I call it ‘institutional dissociation’ and it reminds me of my very first case when I started working with dissociation in the NHS 25 years ago. There were two different professionals, one a psychologist and one a psychiatric nurse on night duty in the inpatient ward. Both were working with the same patient, but had opposing views of that patient. The psychologist’s view was, “She’s a waste of time; she stirs up all the other patients; there’s nothing wrong with her; she’s attention-seeking; she needs to be out of here.” And the nurse would say, “You don’t understand – I see her at night cowering in the corner. She’s there in the dark, whimpering, and she’s absolutely terrified.” So there was this battle between two professionals who would normally get on alright, as though only one of them could win. And they were locked into the position of having to prove that they were right, rather than beginning to acknowledge that perhaps they were seeing a different facet of the same person.

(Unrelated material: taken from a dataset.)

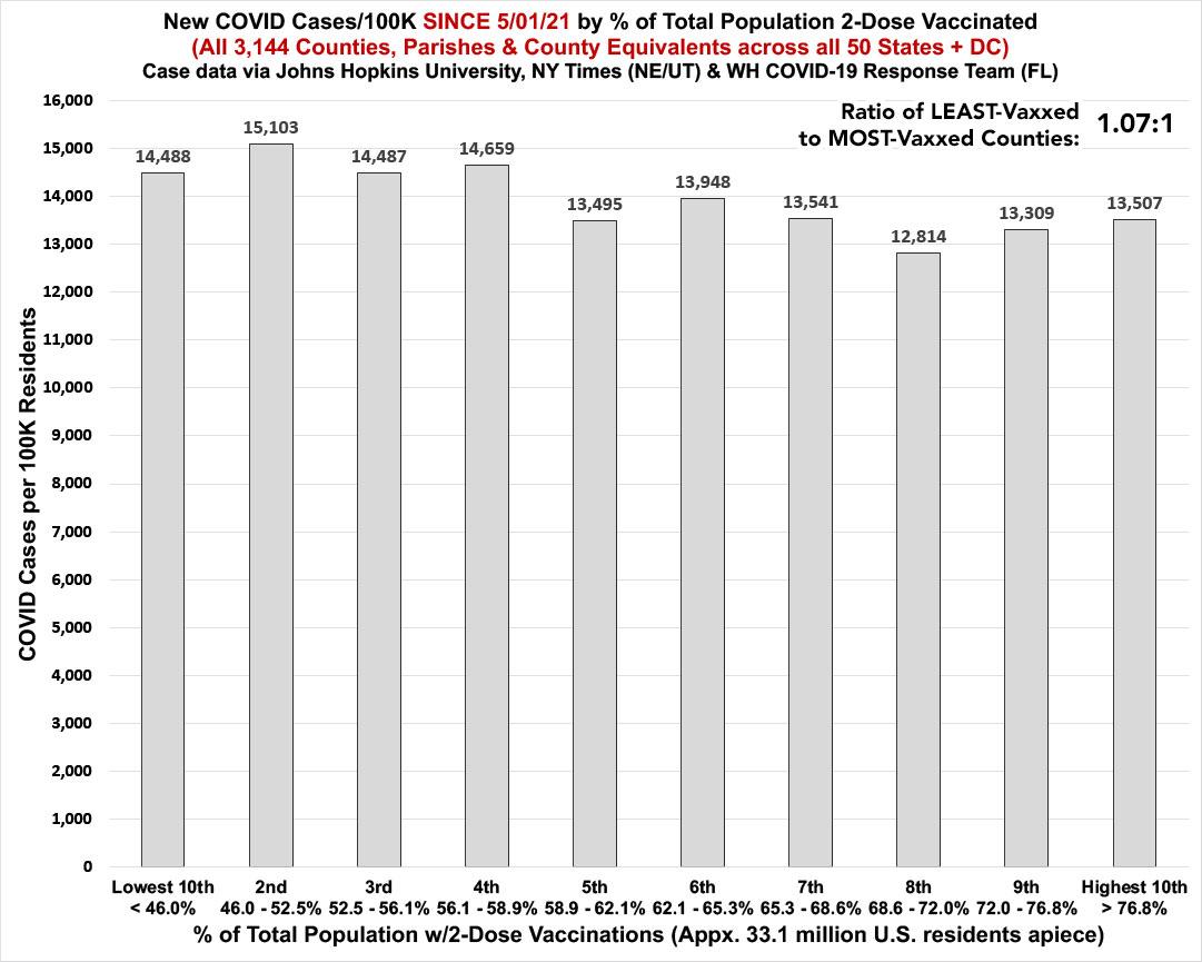 First, let's look at vaccination rates. These bracket sizes change slightly from week to week as more people in every bracket join the "2nd shot vaccinated" population, but for the most part they're pretty stable relative to each other. As you can see, since May 1, 2021, the official cumulative case rate hasn't actually varied much whether a given county has a high or low vaccination rate.

The most difficult people to work with in this field are the psychiatrists. Psychologists very often understand DID, but may become overwhelmed in their work and don’t get the support they need. There are also some really good psychiatric nurses. But the denial and cynicism in psychiatry I would put down to a cultural thing. Going back a few years, GPs would be seen as God-like – they would have to have the answer, and the patient would come along saying, “I hope you can help me.” That has changed now, and it has become a partnership, with a good GP now turning to the patient and saying, “What do you think it is?”
I believe that any treatment helping someone with a trauma background has to be a partnership in which the person is there both to be helped but also to be a partner in their own recovery. Psychiatrists are not always so good at that – they are more inclined towards crisis intervention, where they are used to someone coming along in a state, grateful for the help they are getting, and doing what they are told. That model simply doesn’t work with DID.
The psychiatrists who won’t accept DID, who say it’s all made up or implanted by a therapist or it’s attention-seeking, tend to be the old-school type, who feel they have to know everything. Often they are not very good at adapting, and working as a team – they tend to be the ones who control the multi-disciplinary team, rather than be a member of it. And the other side is that most of them are used to offering drugs. A lot of people with DID, when they first present to a psychiatrist, are terrified of their voices and they will push-push-push the psychiatrist to medicate away those voices. Unless the psychiatrists are properly informed, they will assume that the voices are psychotic, rather than being the dissociated parts of the personality, and they prescribe an anti-psychotic, which of course doesn’t work. The terror for the patient is huge, because their whole control of life, perhaps following a breakdown, is suddenly gone. They’ve had a job, they’ve been fine apart from some little relapses and losing time and things, and now suddenly they find themselves saying things that people say they’ve said but of which they have no memory, or they are suddenly collapsing and can’t go to work. It’s absolutely terrifying. So the pressure can come from the patient as well for the psychiatrist just to prescribe and they can end up taking a vast cocktail of drugs.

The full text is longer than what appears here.